The Golden Rule of YOLO: Never treat the green test as the final product.

You must read the DIFF. The AI might choose the path of least resistance:

  • Silently deleting a vital function not covered by that specific test.
  • Commenting out a security line just to get unblocked.

Chapter 6: Security & The 45% Rule

Kaspersky research delivers a chilling statistic: 45% of AI-generated code contains dangerous vulnerabilities.

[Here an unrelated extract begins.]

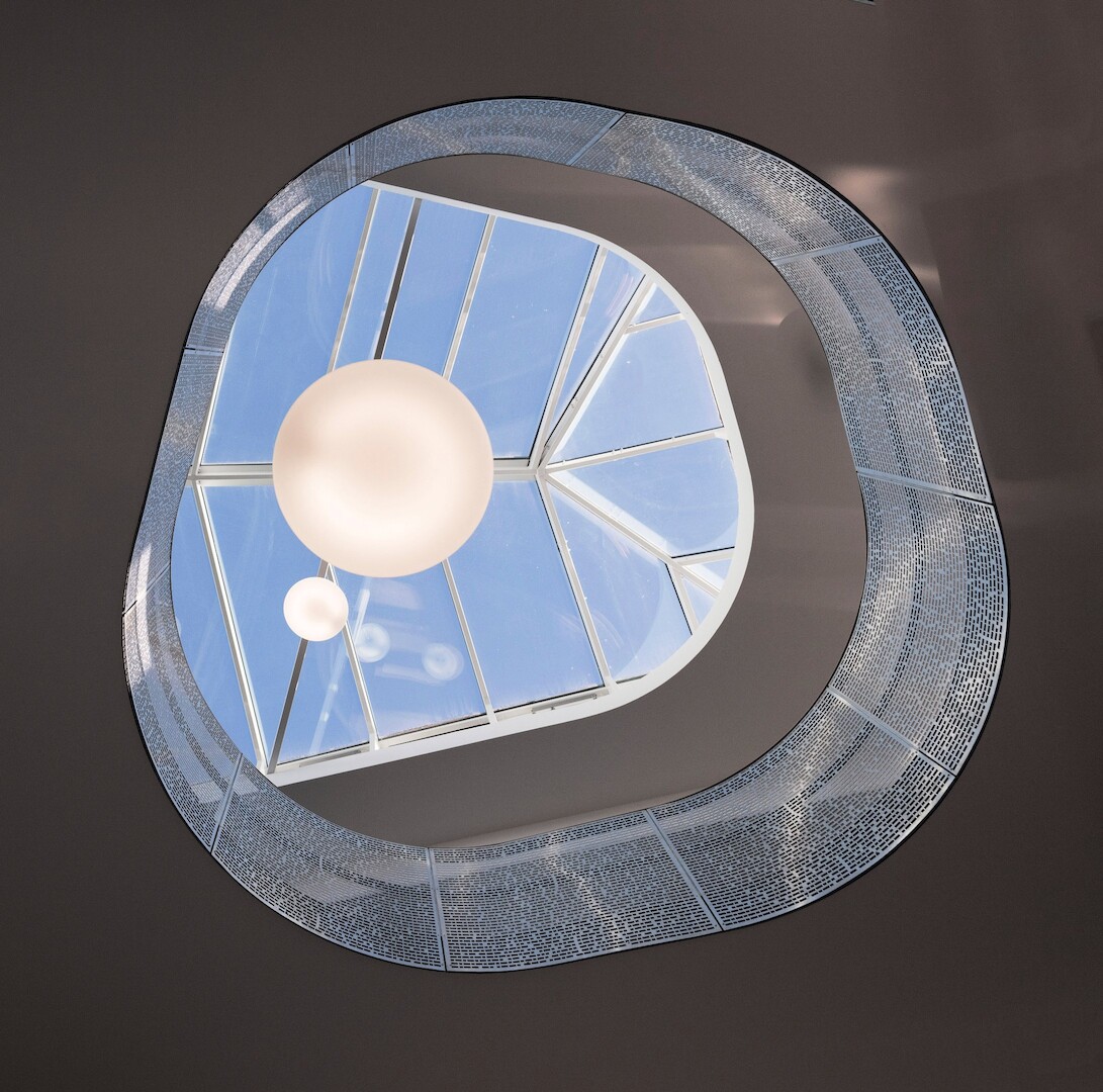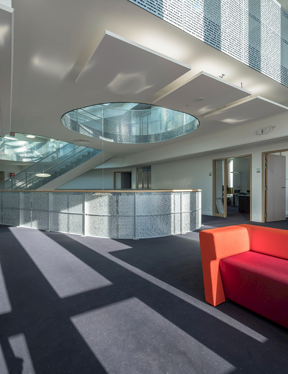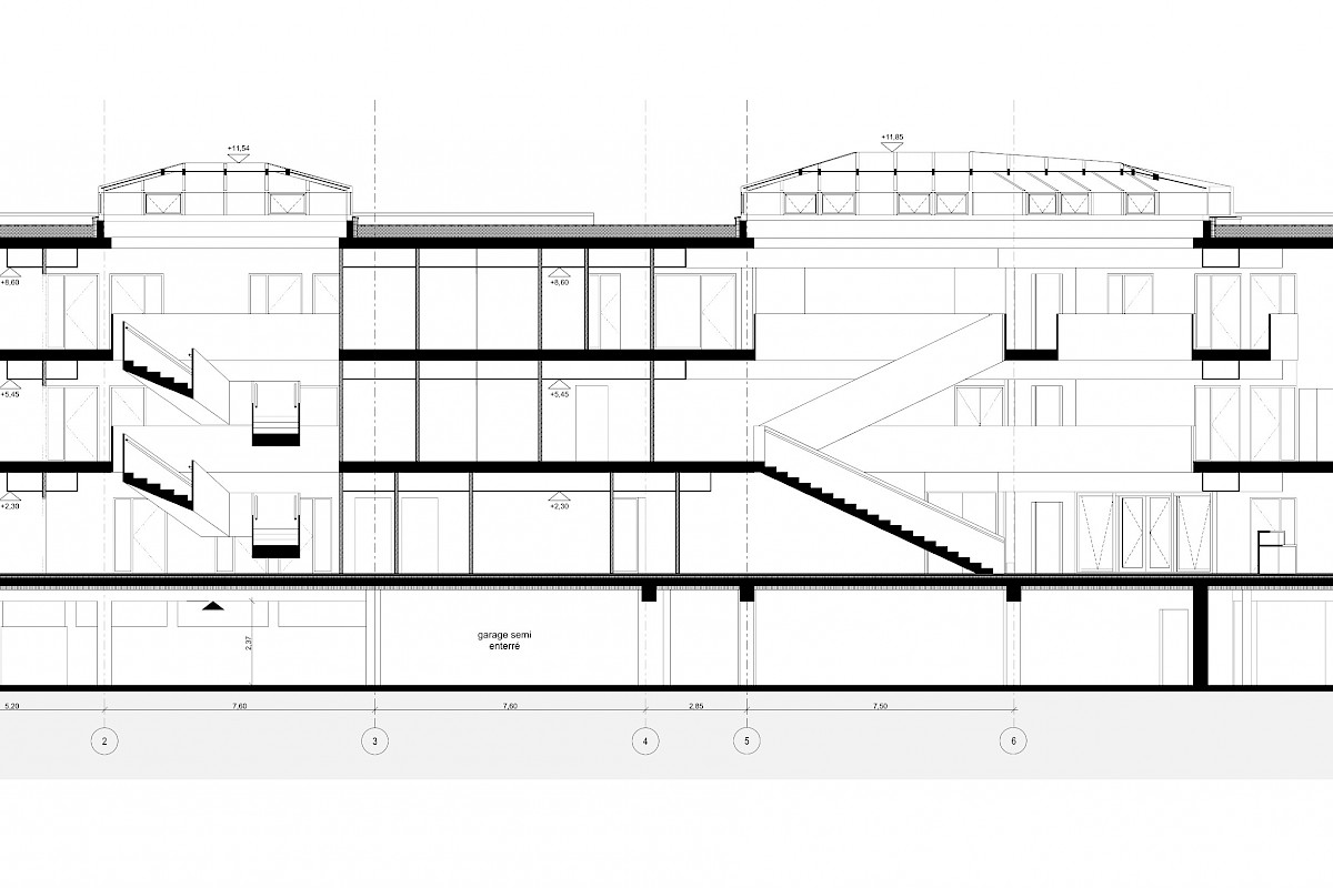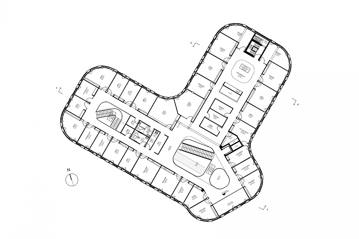 Le parti architectural de l’Hôtel de communauté de la COCOPAQ est celui d’un tri branche compact aux contours arrondis. Cette forme s’accroche d’une manière sensible aux éléments structurants du site et sa fluidité lui permet d’éviter toute frontalité écrasante, adossement ou effet de barrière. On y accède par son centre, dans un atrium généreux et baigné de lumière naturelle qui articule les fonctions d’accueil, d’attente et de logistique, distribue l’ensemble des circulations et abrite des espaces fluides et aérés, dédiés à la détente et aux rencontres informelles. La salle des conseils est littéralement traversée par le domaine public et constitue ainsi, à la manière d’une lanterne, un signal lisible à partir des voiries.

If you let AI handle security, you are gift-wrapping your software for hackers.

Why AI Fails at Security

An AI has no security consciousness. It is a statistical reflection of its training data—billions of lines of code from decade-old forums and flawed open-source projects.

Common failures:

  • Missing Authorization: When asked for database access, it returns the statistically most common method, not the most secure. It forgets to verify that the user requesting an invoice actually owns it.
  • API Keys: The AI might generate code with a placeholder API key. The developer replaces it with a real key without realizing the file is public.
  • Hallucinated Libraries: The AI invents third-party library names. A malicious actor can publish real malware under that exact name, knowing AI systems worldwide will suggest it to non-reviewing users.

The Agentic Security Protocol

  1. Forbid Reinvention: Categorically ban the AI from writing homemade authentication. Mandate industrial-strength solutions (e.g., NextAuth, Clerk, Supabase). You do not let the intern build the bank vault; you install a Swiss-made safe.
  2. Forbidden Zones: In configuration files (.cursor-rulesclaude.md), declare critical files untouchable.
    • Example: “You are never allowed to modify the database schema file.”
  3. Sanitize All Inputs: For every form, search bar, or text field, require the AI to sanitize input. Never trust user input.
  4. Error Handling: Force the AI to intercept errors. Never let it display raw server stack traces (a treasure map for hackers). Display a generic “Oops” message and log details internally.

Chapter 7: The Post-Code Future?

Andrej Karpathy imagines a near future where neural networks themselves become the operating system.

  • No traditional source code.
  • A giant AI generates the interface in real time, pixel by pixel, based on immediate user needs.
  • Classical processors reading lines of code one by one become relics replaced by pure neural inference.

If the very concept of code disappears, the definition of software engineering will mutate entirely.

Conclusion: The New Engineering Contract

The illusion of vibe coding is that the tool replaces technical expertise. The opposite is true.

If you have an earth-mover that digs at the speed of light, you need an architect more than ever. Otherwise, you are just digging your own grave faster.

The engineer of tomorrow will not be judged on their ability to memorize syntax. They will be judged on:

  • Architectural vision
  • Database mastery
  • Cybersecurity paranoia

The path is the fusion of the machine’s creative lightning speed and the uncompromising discipline of classical engineering. It is the only safety net between a toy that amuses your friends and a robust application.

Quick Reference Checklist

Before every AI-coding session:

  •  PRD Lock: Is the Product Requirements Document written and frozen in Markdown?
  •  Logic Review: Has a second AI agent reviewed the PRD for logical holes?
  •  Config Anchor: Is there a .cursor-rules or claude.md file at the project root anchoring the architecture?
  •  Auth Mandate: Are all authentication/security layers using industrial, approved libraries?
  •  Input Sanitization: Is every user input field explicitly sanitized?
  •  Error Masking: Will production errors show generic messages, never stack traces?
  •  YOLO Discipline: If using autonomous test mode, will I review the final diff line by line?
  •  Version Control: Is Git ready to revert the second the AI breaks something critical?

Remember: Discipline is not the enemy of speed. It is the guarantee of it.